### INSTRUCTIONS TO FOLLOW
From the line with "corner faces. |" down to the final line of the material, please transcribe everything exactly, but leave the pictures out.

### DATA SHOWN
++++++++++

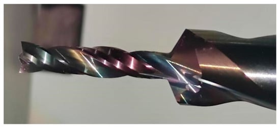 Based on the research results of the above articles, aiming to fulfill the requirements of practical engineering applications and minimize the interference of other variable factors, the brad-and-spur drill, with its high-quality drilling performance, was chosen as the cutting tool for the test. During the drilling process, as the tool approaches the hole’s exit, the two flank cutting edges cut off the fibers of the outermost layer along the hole’s edge, thus preventing tension among the fibers. Subsequently, the outermost layer of the material is pushed out when the main cutting edge penetrates the laminate. This cut–push effect proves effective in reducing drilling damage [48]. The material of the brad-and-spur drill for tests was carbide with CVD diamond coating, as shown in Figure 9. The diameter of the brad-and-spur drill was 4.18 mm.
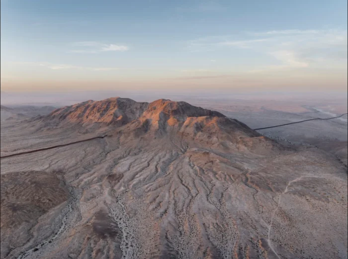 Заходящее солнце освещает гору, которая образует брешь в пограничной стене недалеко от Мехикали, Нижняя Калифорния.
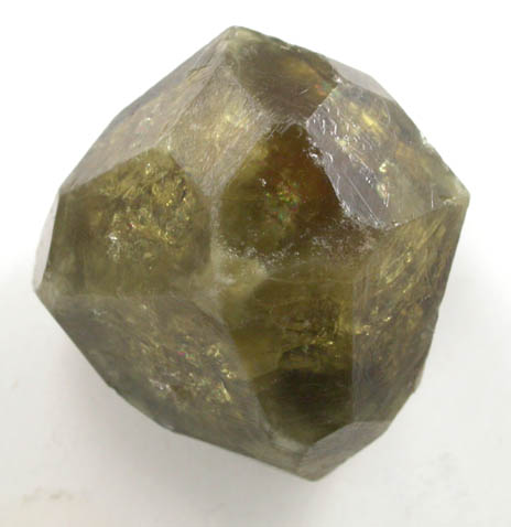 | Description: | Lustrous translucent-to-transparent olive-green grossular garnet crystal with remnants of matrix included in the bottom where it was attached. The grossular garnet crystal is trapezohedral form with dodecahedral corner faces. |
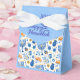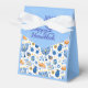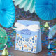 En blå Hanukkah Tack Party Tält Boxes Designad med Leksak Dreidels och Menorah

++++++++++

### ANSWER TO THIS EXERCISE
 | Description: | Lustrous translucent-to-transparent olive-green grossular garnet crystal with remnants of matrix included in the bottom where it was attached. The grossular garnet crystal is trapezohedral form with dodecahedral corner faces. |
 En blå Hanukkah Tack Party Tält Boxes Designad med Leksak Dreidels och Menorah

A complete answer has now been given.